The rendered form of the report is shown here:

Understanding the Two IDs

It is important to understand the Two IDs and here is a table that breaks it down:

Tip: You can pass environment_id without previous_interaction_id to reuse the files and installed packages, but start a fresh conversation. This is useful when you want to "fork" the workspace with a new task.

Downloading files

The previous section demonstrated how we can use the instruction itself to specify it to output the file content that it generated. That is one way but maybe not the way that you may want. You would probably want to download the file directly from the sandbox. Let’s do that.
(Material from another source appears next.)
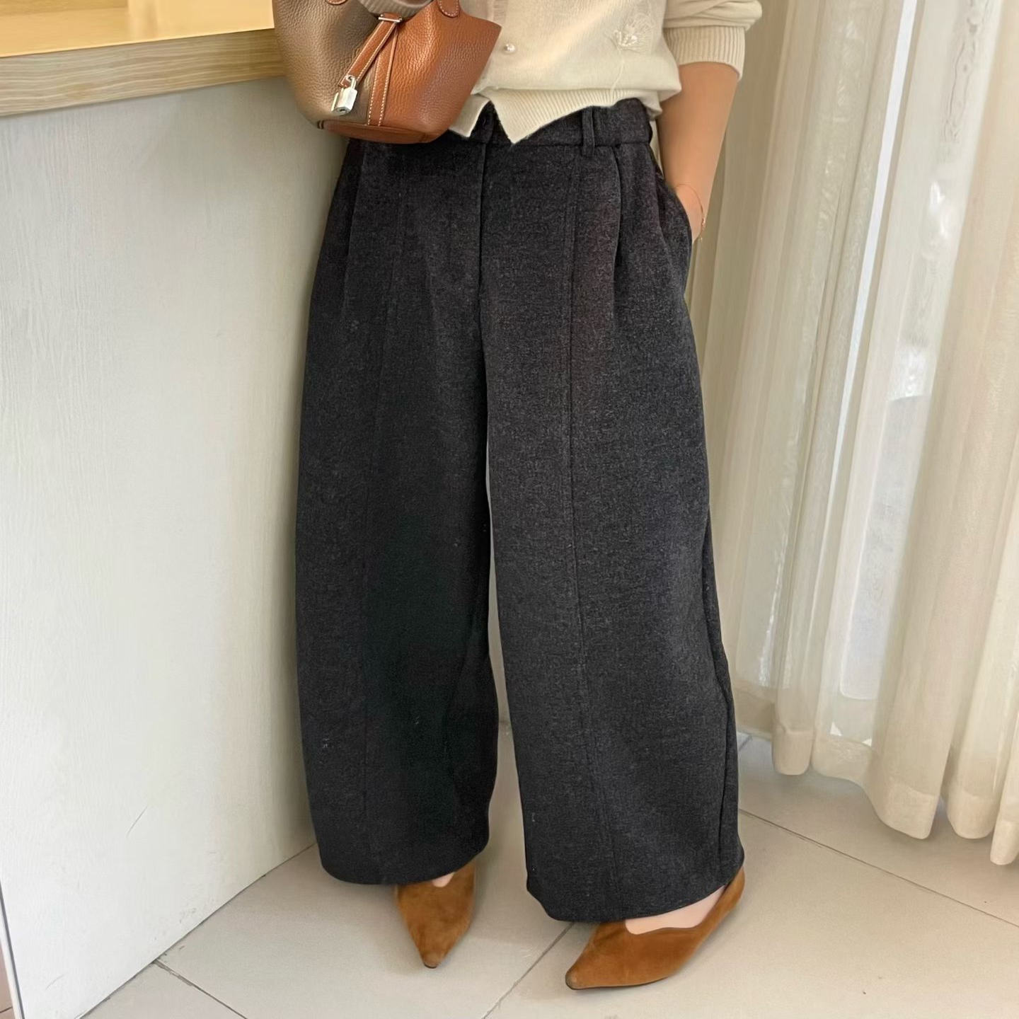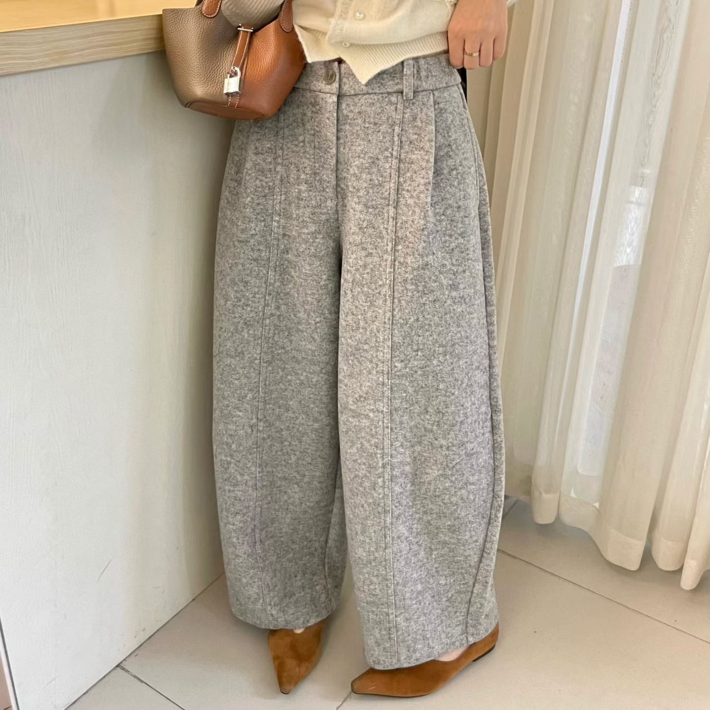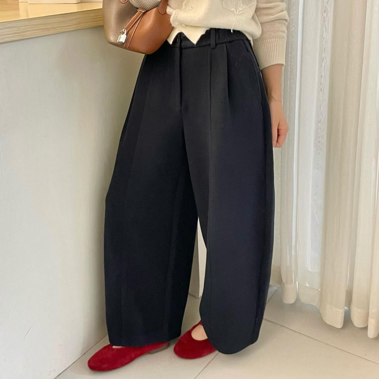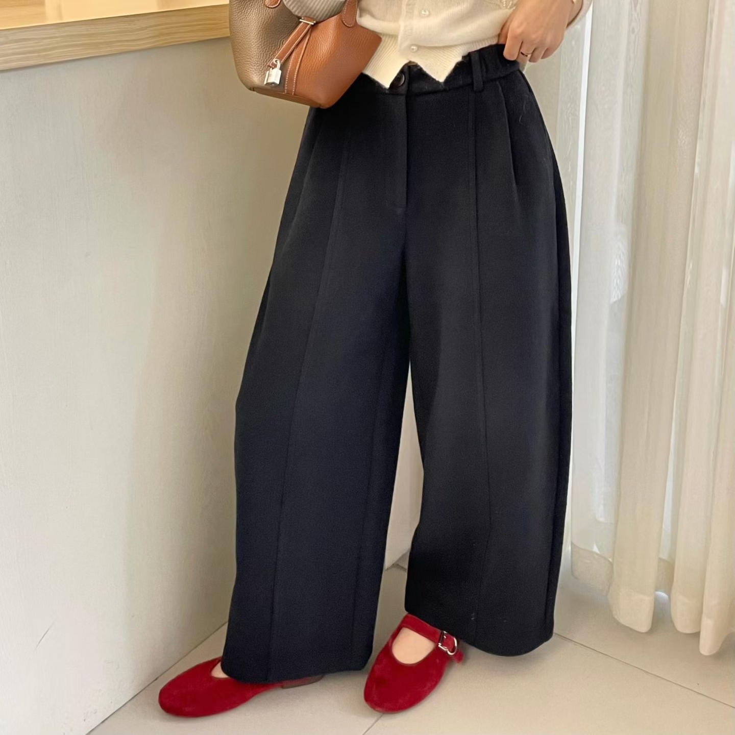 欧洲站2025秋季时尚高腰一粒扣微垮褶皱前压线显瘦九分羊毛西装裤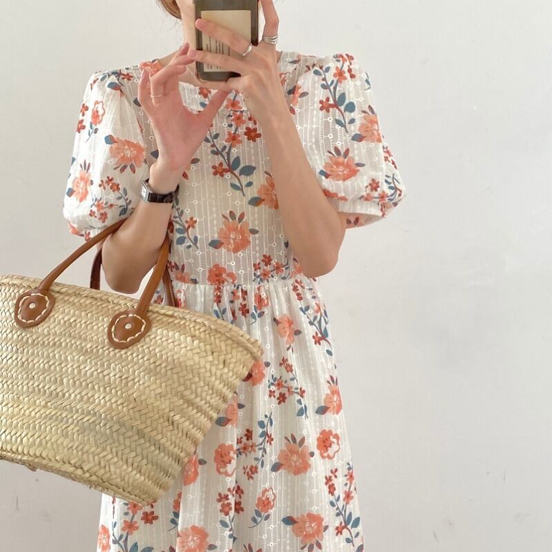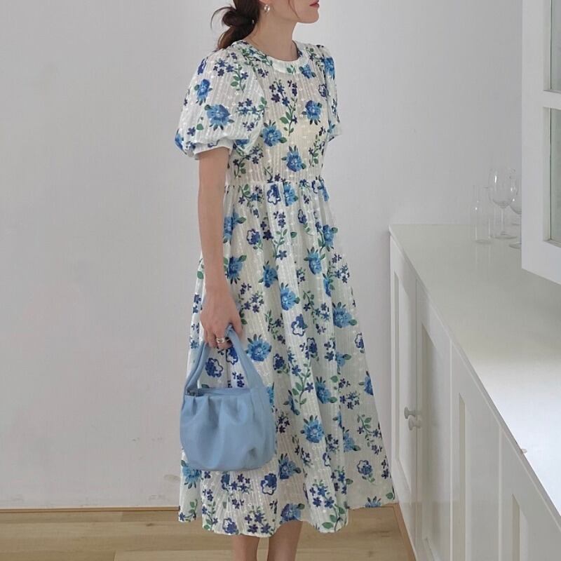 サマーホルターラウンドネックFlowerデザイン プリント柄プリーツハイウェストウェストドレス スカート 夏物 Oネック フラワーデザイン ICC_レディース7068238

Shown below is the entire code listing that we saw in the previous multi-turn interaction to create markdown report and then a HTML version of it. Just that we are going to add some code at the end to download the entire environment snapshot as a tar file and then extract it in a local folder. This is currently what the Managed Agents Environment supports. Read the documentation here.

import os
import requests
import tarfile
from google import genai
client = genai.Client()

# Turn 1: Research and create a report
interaction_1 = client.interactions.create(
    agent="antigravity-preview-05-2026",
    input="Research the current state of carbon capture technology in 2026. "
          "Write a comprehensive 500-word report and save it as report.md",
    environment="remote"
)
print(f"Environment ID: {interaction_1.environment_id}")
print(f"Interaction ID: {interaction_1.id}")
print(interaction_1.output_text)

# Turn 2: Build on the previous work - same sandbox, same files
interaction_2 = client.interactions.create(
    agent="antigravity-preview-05-2026",
    environment=interaction_1.environment_id, # ← Re-attaches to same Ubuntu sandbox
    previous_interaction_id=interaction_1.id, # ← Preserves conversation memory
    input="Convert that report.md file into a clean index.html webpage "
          "with modern inline CSS styling and responsive design."
          " Please output the contents of the index.html file"
)
print(interaction_2.output_text)

env_id = interaction_2.environment_id
api_key = os.environ.get("GEMINI_API_KEY")

response = requests.get(
    f"https://generativelanguage.googleapis.com/v1beta/files/environment-{env_id}:download",
    params={"alt": "media"},
    headers={"x-goog-api-key": api_key},
    allow_redirects=True,
)

with open("snapshot_env.tar", "wb") as f:
    f.write(response.content)

os.makedirs("extracted_env_snapshot", exist_ok=True)
with tarfile.open("snapshot_env.tar") as tar:
    tar.extractall(path="extracted_env_snapshot")

plaintext

Currently, as of writing this article, there is no SDK and it is a direct REST call to get the environment snapshot.

Here is the output on my local machine after I run the above program:

Customizing Agents: Skills, Personas, and Configuration

Instead of cramming everything into a single prompt string, Antigravity uses a filesystem-native configuration system. When the sandbox boots up, it automatically looks for a hidden .agents/ directory:

📁 Your-Project-Directory/
└── 📁 .agents/
    ├── 📄 AGENTS.md ← Global system instructions (persona, rules, standards)
    └── 📁 skills/
        └── 📁 data-cleaner/
            └── 📄 SKILL.md ← Specific skill with step-by-step instructions

plaintext

AGENTS.md — The Agent’s Persona

This file contains the foundational rules, behavioral guardrails, and project-specific context for your agent. Think of it as a README that the agent reads before starting any task.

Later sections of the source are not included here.